##### Provided data #####

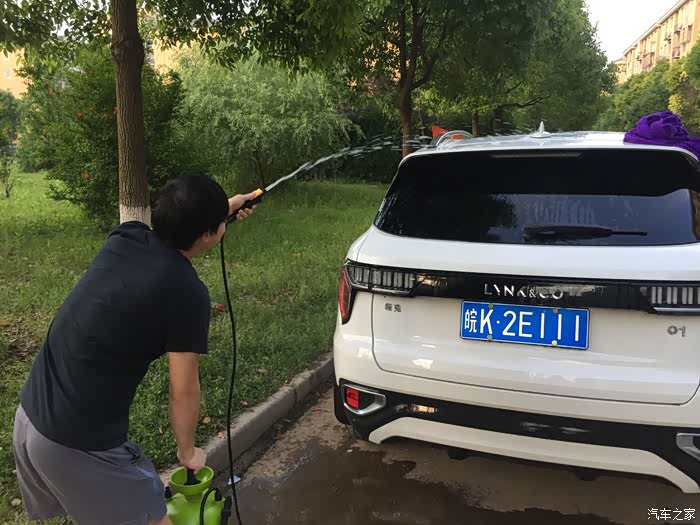 周六依然是在学习中度过,全是因为之前工作的行业不景气,所以在28岁的年纪毅然决然的选择了改行。隔行如隔山,之后付出比别人更多的努力才能跟上时代的步伐。正像领克一样,不要害怕你不行,只要你敢与实践下一个成功者就是你。我觉得领克就敢于走个性路线,所以注定会成功。我的领克01是白色的。如果稍微脏一点就去洗车店清洗。所以我就萌生了自己动手洗车的想法,毕竟自己动手稍微洗一洗还是可以省去一笔钱的。在选择洗车方式的时候,我有迷茫过,徘徊了很久最终选择了买个洗车神器。当然可以选择不要那么多的配件毕竟不是所有的都用的上。话不多说,接下来说一下我洗车的步骤:1.拆开快递盒,看到产品后还是很满意的,毕竟不是那种质量很差的东西,稍微看了一下卖家的使用视频之后就开始干活了。2.装水,建议装干净的水,像河里的水就不要用了,不清楚有什么脏东西或者腐蚀车漆的成分。由于我家在六楼,所以我去了朋友家二楼装的水。建议可以增加一个引水管,不然不好装水啊!后来在洗手间才把水装好。3.打湿车身,装水之后,按照安装说明水把神器安装完成,先把车身全部打湿。4.喷洗车香波。这个步骤如果是随便洗一洗可以省去,毕竟香波不是那么容易清洗干净的。5.擦抹车身,套餐里带的海绵非常好用。6.清水冲洗车身。7.搽干车身。总结:香波使用的时候没有研究清楚具体怎么使用,所以使用的不是很成功,这个桶是16L的,本次洗车一桶没有够,用了两桶水,以后不用香波我想一桶水也就够了。感受:由于是第一次使用所以费时比较久,不过第一次是最有乐趣的,好几个朋友一起玩,感觉很有趣。在小区里面洗车好多人都觉得新鲜,围观的人还是不少的。担忧:因为在小区里面洗车,会弄很多水在地上,不知道下次呗物业的人看到会不会阻止我!
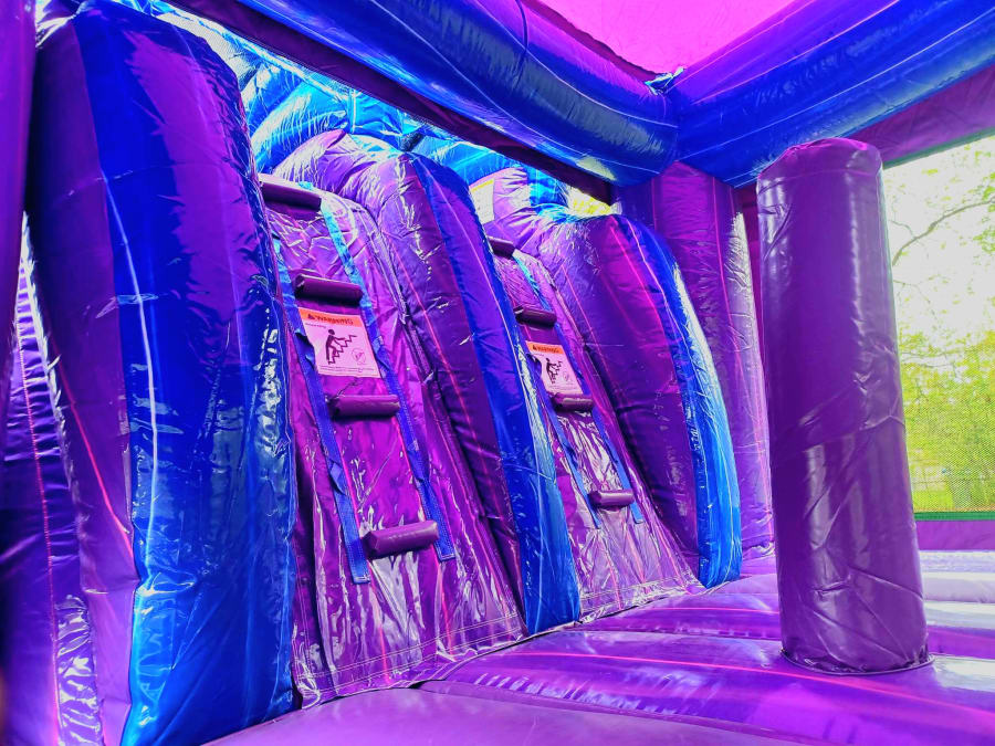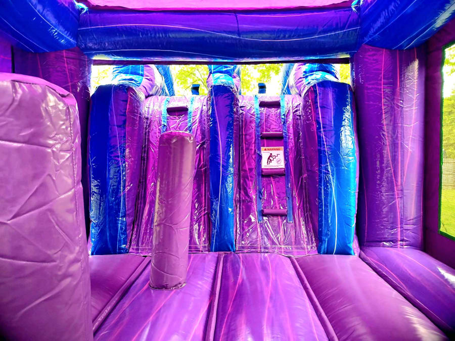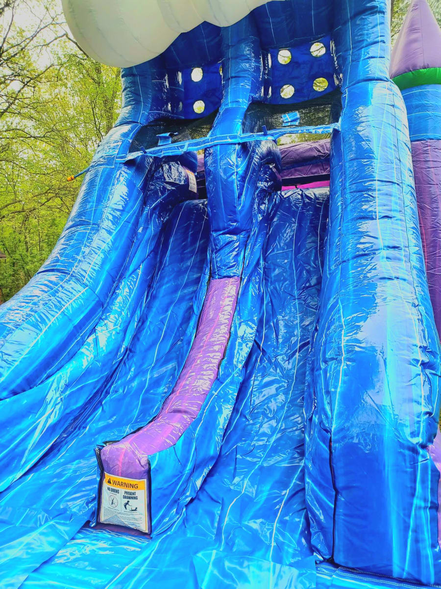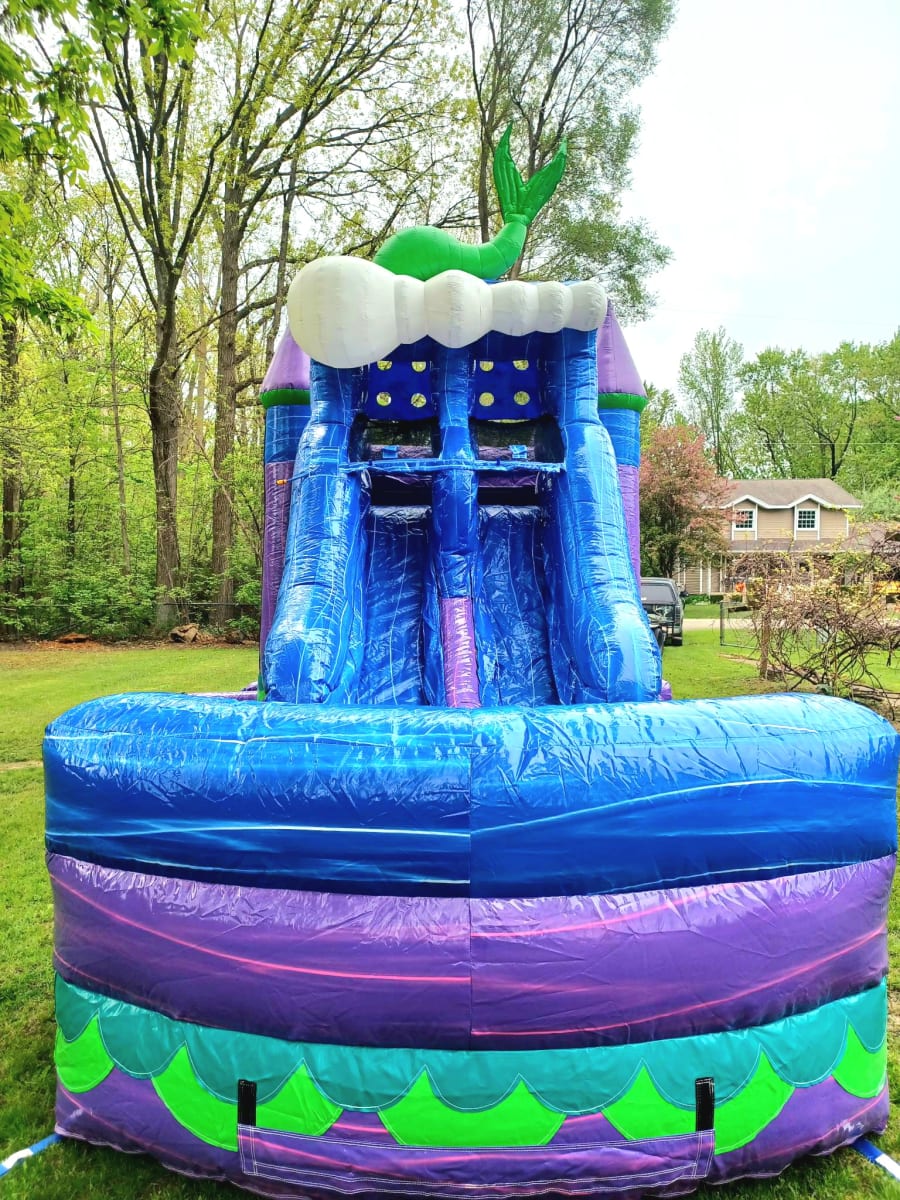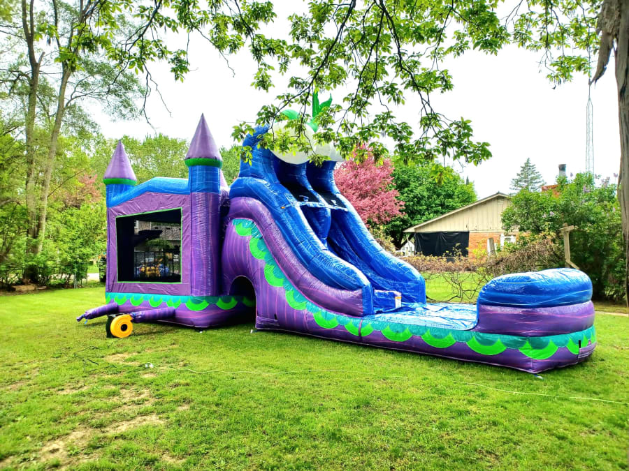 Aquamarina will be sure to make a splash for your party and guests! This inflatable includes tunnel, pop up obstacles, basketball hoop, bounce house, and double lane waterslide! The green mermaid tail can be pinned down by request.
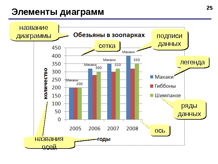 25 Элементы диаграмм название диаграммы легенда ряды данных осьосьсетка названия осей подписи данных
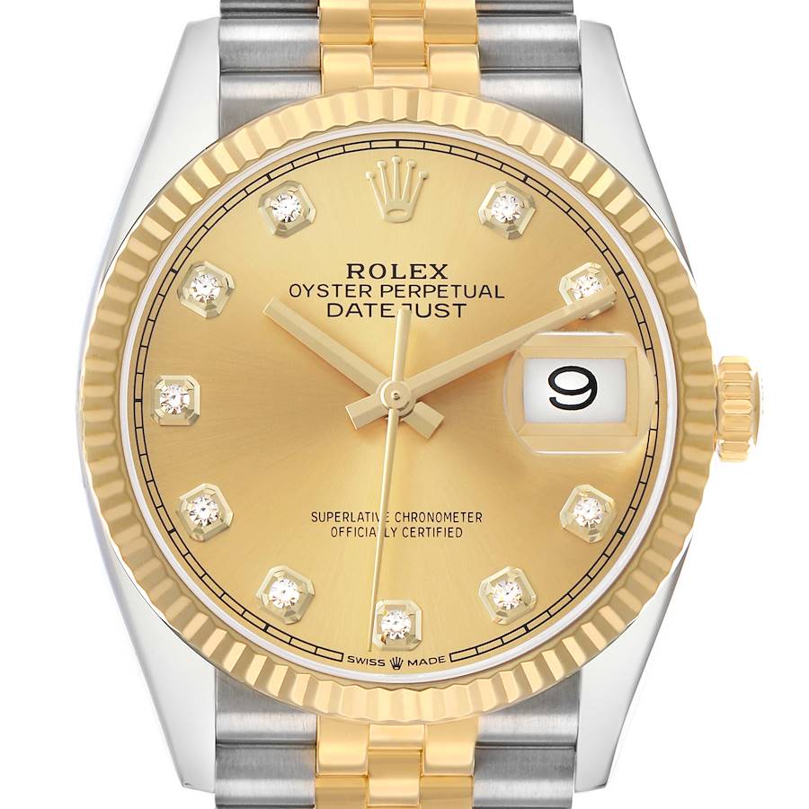 Rolex Datejust Steel Yellow Gold Champagne Diamond Dial Mens Watch 126233. Officially certified chronometer automatic self-winding movement. Stainless steel and 18K yellow gold case 36.0 mm in diameter. Rolex logo on the crown. 18K yellow gold fluted bezel. Scratch resistant sapphire crystal with cyclops magnifier. Champagne dial with original Rolex factory diamond hour markers. Date window at 3 o'clock aperture. Stainless steel 18K yellow gold jubilee bracelet with an oysterlock clasp. Fits up to 7.5" wrist.
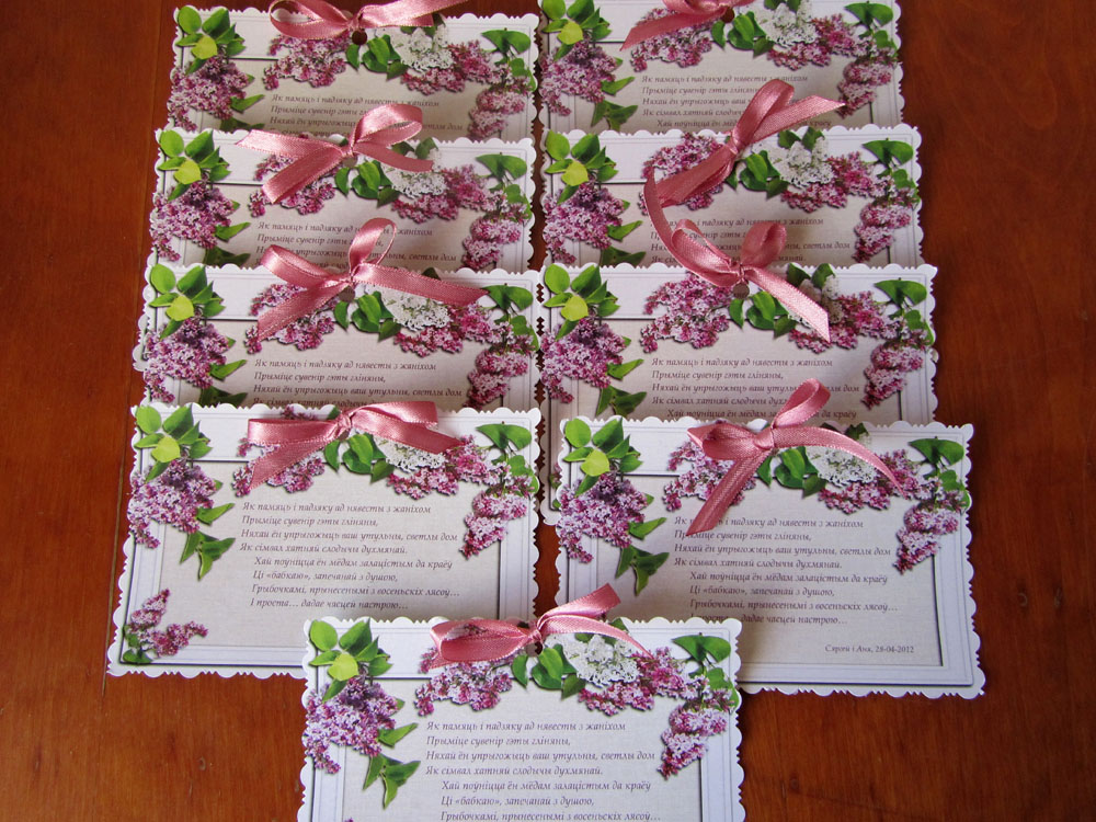 [/center] Перед свадьбой эта карточка для меня стала сюрпризом. Когда я написала стихотворение, муж был в восторге, а затем всю ночь сидел за компом над идеей карточки. На следующий день тайком распечатал, вырезал одну, украсил бантиком и преподнёс мне! Как же я была рада!
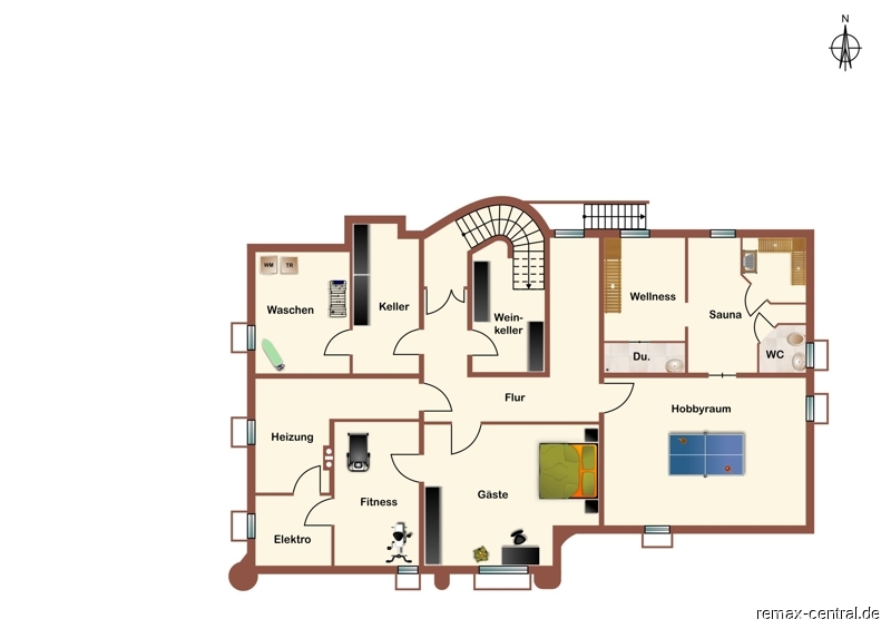 Für Überraschung und Unterhaltung sorgen dagegen das Spiel- und Billardzimmer; für sportliche Aktivitäten der Fitnessraum.
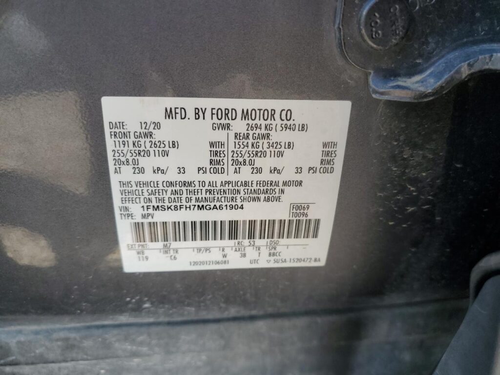 VIN Number1FMSK8FH7MGA61904
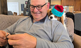 “I don’t knit in the summer, because my hands smell like manure all the time,” Larry says, who says he has already built up a callous from the knitting. Thank goodness, because he had injured his thumb in an airbrake several years back and he couldn’t find a thimble big enough to protect it, he laughs. At least for this winter, you’ll find Larry cozy on the couch with Diesel, just knitting away. ◊
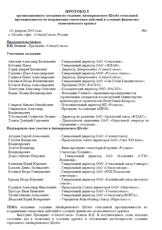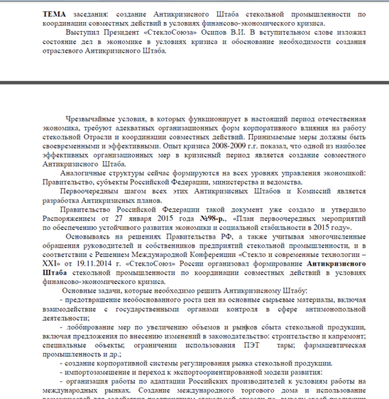 Согласно опубликованному документу одной из основных задач антикризисного штаба является «лоббирование мер по увеличению объемов и рынков сбыта стекольной продукции, включая ограничение использования ПЭТ–тары».
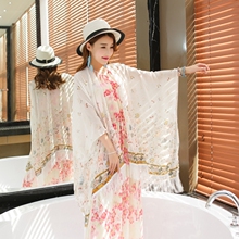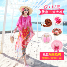 夏仙女白色雪纺连衣裙系带防晒开衫大码显瘦波西米亚度假沙滩长裙
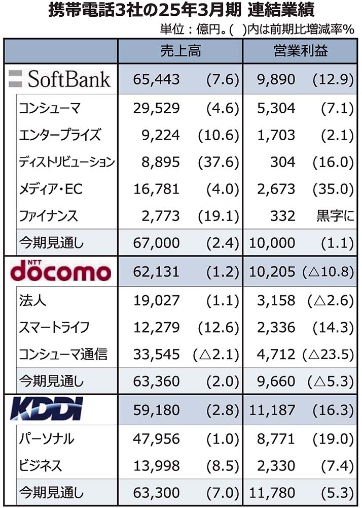 2025.05.26 携帯大手3社25年3月期決算、「経済圏」拡大戦略が激化 明暗分かれる各社業績

#####

What the task requires >> Retype the line containing "Согласно опубликованному документу" and all lines after it through the end of the material, exactly and only those, leaving out pictures.

Output >>
 Согласно опубликованному документу одной из основных задач антикризисного штаба является «лоббирование мер по увеличению объемов и рынков сбыта стекольной продукции, включая ограничение использования ПЭТ–тары».
 夏仙女白色雪纺连衣裙系带防晒开衫大码显瘦波西米亚度假沙滩长裙
 2025.05.26 携帯大手3社25年3月期決算、「経済圏」拡大戦略が激化 明暗分かれる各社業績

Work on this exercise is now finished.